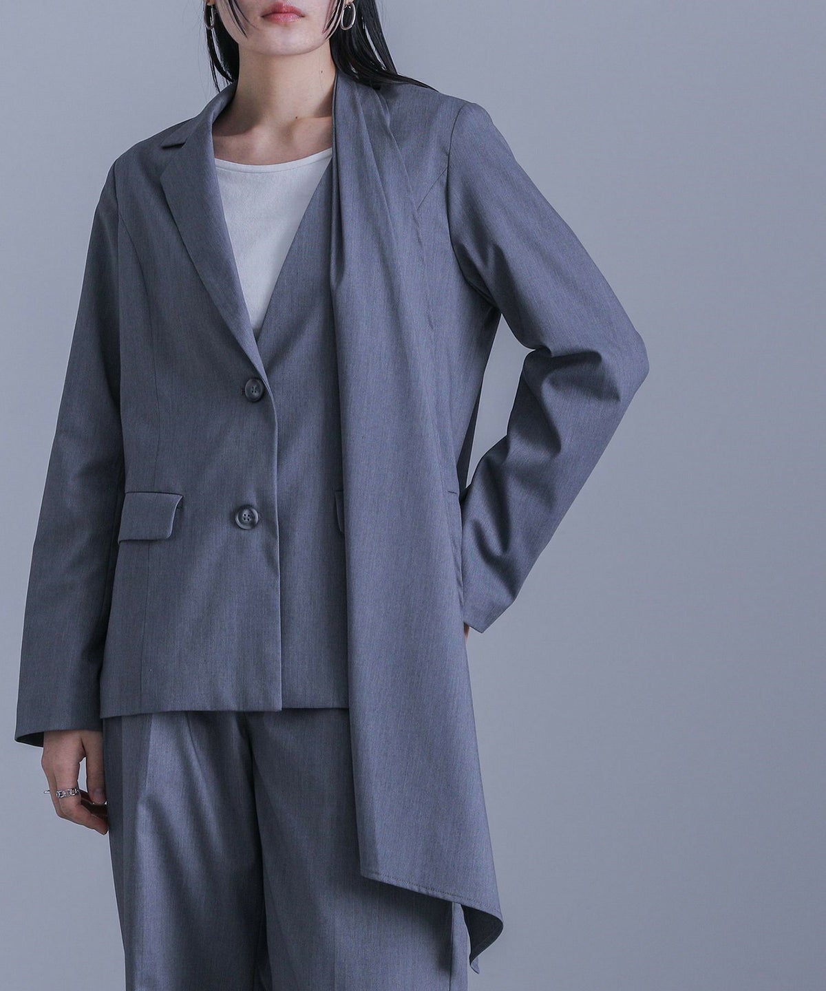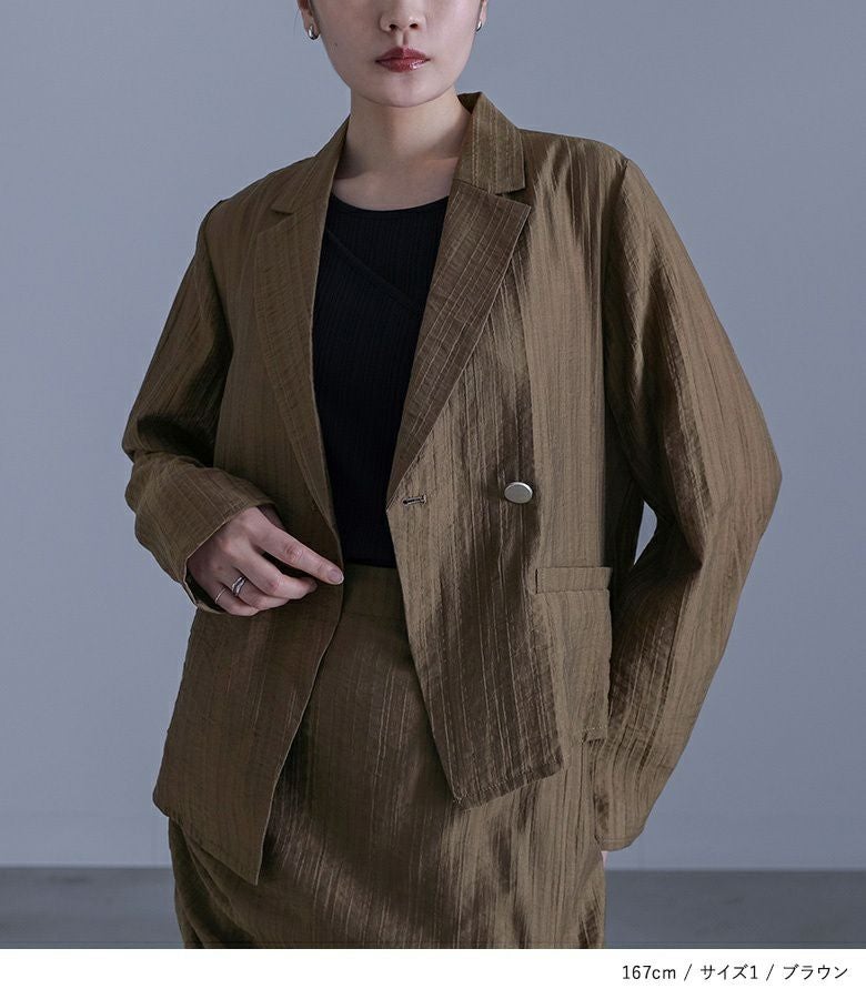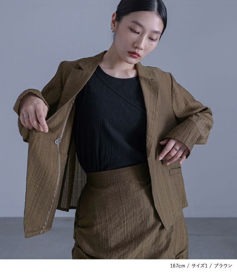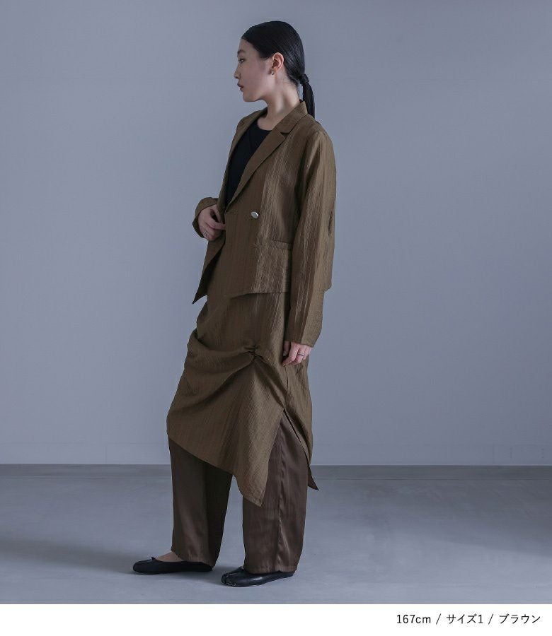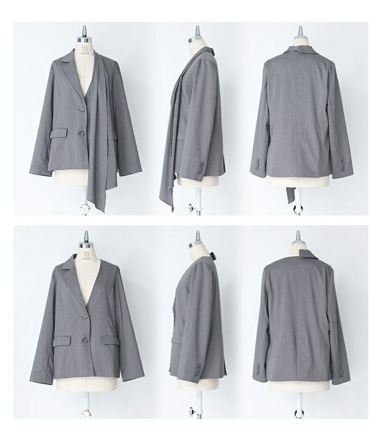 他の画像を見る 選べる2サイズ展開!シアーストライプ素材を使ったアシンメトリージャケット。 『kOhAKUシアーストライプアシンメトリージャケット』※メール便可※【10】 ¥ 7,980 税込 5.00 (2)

--

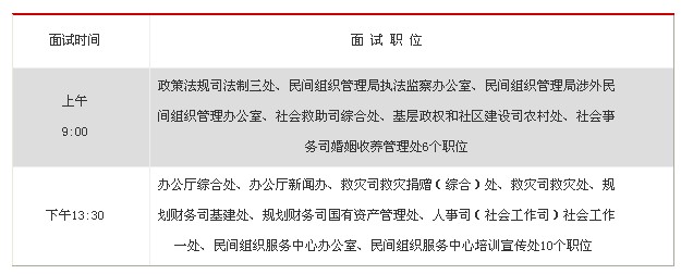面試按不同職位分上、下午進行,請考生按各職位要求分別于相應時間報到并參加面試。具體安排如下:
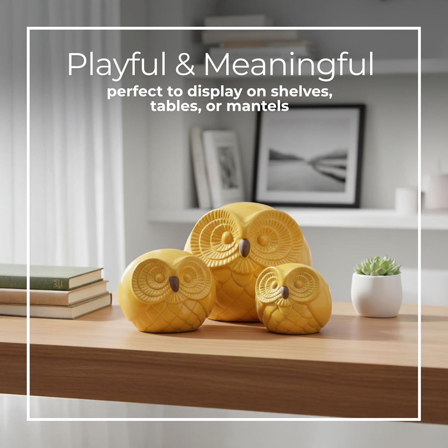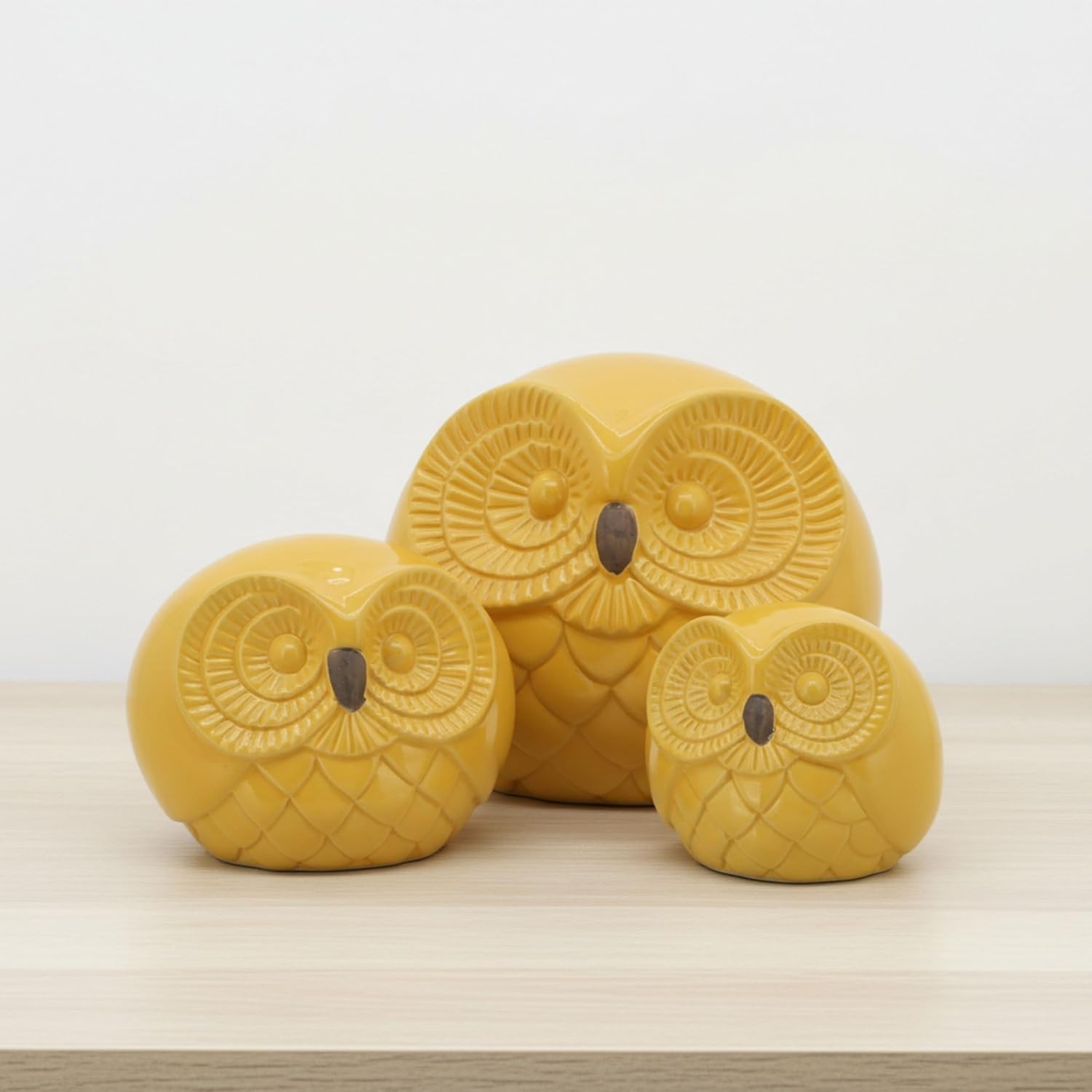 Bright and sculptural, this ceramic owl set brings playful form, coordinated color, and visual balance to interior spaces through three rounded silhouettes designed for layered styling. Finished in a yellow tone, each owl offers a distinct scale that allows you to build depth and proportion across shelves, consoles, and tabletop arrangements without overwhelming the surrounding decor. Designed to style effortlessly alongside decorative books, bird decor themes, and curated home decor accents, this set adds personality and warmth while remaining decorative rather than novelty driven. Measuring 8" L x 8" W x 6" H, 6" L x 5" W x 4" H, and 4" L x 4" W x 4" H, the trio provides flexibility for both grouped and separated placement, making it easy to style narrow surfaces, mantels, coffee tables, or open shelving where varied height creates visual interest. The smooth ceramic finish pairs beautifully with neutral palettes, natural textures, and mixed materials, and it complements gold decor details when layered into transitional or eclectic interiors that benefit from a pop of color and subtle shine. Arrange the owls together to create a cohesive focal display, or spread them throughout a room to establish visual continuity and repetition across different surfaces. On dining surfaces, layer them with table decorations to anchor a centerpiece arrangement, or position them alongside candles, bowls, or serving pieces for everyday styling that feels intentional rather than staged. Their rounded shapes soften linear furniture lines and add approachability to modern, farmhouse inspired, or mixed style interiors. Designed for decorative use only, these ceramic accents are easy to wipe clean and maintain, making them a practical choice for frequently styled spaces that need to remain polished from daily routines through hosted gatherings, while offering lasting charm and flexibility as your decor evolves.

EXERCISE GOAL: Reproduce the listing above from the line that holds "面試按不同職位分上、下午進行" through the line that holds "Bright and sculptural, this", both included, with the pictures left out.

SOLVED PROBLEM:
面試按不同職位分上、下午進行,請考生按各職位要求分別于相應時間報到并參加面試。具體安排如下:
 Bright and sculptural, this ceramic owl set brings playful form, coordinated color, and visual balance to interior spaces through three rounded silhouettes designed for layered styling. Finished in a yellow tone, each owl offers a distinct scale that allows you to build depth and proportion across shelves, consoles, and tabletop arrangements without overwhelming the surrounding decor. Designed to style effortlessly alongside decorative books, bird decor themes, and curated home decor accents, this set adds personality and warmth while remaining decorative rather than novelty driven. Measuring 8" L x 8" W x 6" H, 6" L x 5" W x 4" H, and 4" L x 4" W x 4" H, the trio provides flexibility for both grouped and separated placement, making it easy to style narrow surfaces, mantels, coffee tables, or open shelving where varied height creates visual interest. The smooth ceramic finish pairs beautifully with neutral palettes, natural textures, and mixed materials, and it complements gold decor details when layered into transitional or eclectic interiors that benefit from a pop of color and subtle shine. Arrange the owls together to create a cohesive focal display, or spread them throughout a room to establish visual continuity and repetition across different surfaces. On dining surfaces, layer them with table decorations to anchor a centerpiece arrangement, or position them alongside candles, bowls, or serving pieces for everyday styling that feels intentional rather than staged. Their rounded shapes soften linear furniture lines and add approachability to modern, farmhouse inspired, or mixed style interiors. Designed for decorative use only, these ceramic accents are easy to wipe clean and maintain, making them a practical choice for frequently styled spaces that need to remain polished from daily routines through hosted gatherings, while offering lasting charm and flexibility as your decor evolves.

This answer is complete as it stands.